In line with the broader markets falling apart, stocks on the NSE SME segment have also collapsed. The SME platform of the NSE is intended for small and medium sized companies with high growth potential. The SME platform of the Exchange allows companies only whose post issue paid up capital shall be less than or equal to Rs.25 crores. Some of these stocks have not turned attractive. Take a look.
Silly Monk is a company that is into Digital Media Publishing. The Company publishes digital content on various platforms such as YouTube, Facebook, Amazon, Vucli etc.
What makes the stock attractive is that it is now available almost 40 per cent lower then its IPO price of Rs 120. The shares of the company are trading at Rs 78.
Now, one interesting feature of the NSE MSE segment is that one cannot buy just one share like the NSE Capital market segment. In this segment there is a minimum lot size. For example, the minimum lot size for Silly Monk is 1200 shares. So, you would need at least Rs 96,000 for investment.

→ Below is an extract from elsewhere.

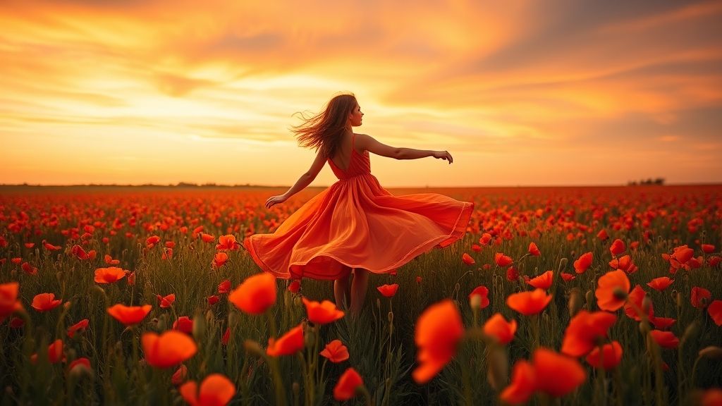 A serene field of poppies under a sunset sky, with a girl in an orange dress spinning gracefully in the center. The camera slowly rotates around her as she twirls, creating a dynamic, dreamy atmosphere. The sky glows in warm tones of orange and pink, while the girl’s dress flows with the motion. The poppies sway gently in the wind, enhancing the tranquil, whimsical vibe of the scene.

The stock of Silly Monk is trading at a one year forward p/e of about 12 times. This is cheap considering the huge growth potential that we might see in the stock. If you get the shares at Rs 70 or thereabouts it maybe worth taking a risk.
This stock is another stock on the SME sector of the NSE, which has now plunged to a new 52 week low. However, the stock is very cheaply valued when compared to peers.
Sarveshwar Foods Ltd is engaged in the business of processing and marketing of branded and un-branded basmati and non-basmati rice in the domestic and international markets. They offers procurement, storage, milling, sorting, packaging, branding and distribution of Rice.
The company came out with an IPO at a price of Rs 85. The company reported a decent profit of Rs 4.19 crores for the half year ending March 31, 2018. However, the results for the quarter ending June 30, 2018, would be interesting to watch, given that we can estimate the numbers on the enhanced equity capital.
Sarveshwar Foods may report an annualized EPS of Rs 5 or thereabouts for FY 2018-19. The stock has very limited downside risk at the current market price of Rs 35. The shares are in fact available at half the IPO price.
This stock maybe worth taking a look at lower levels.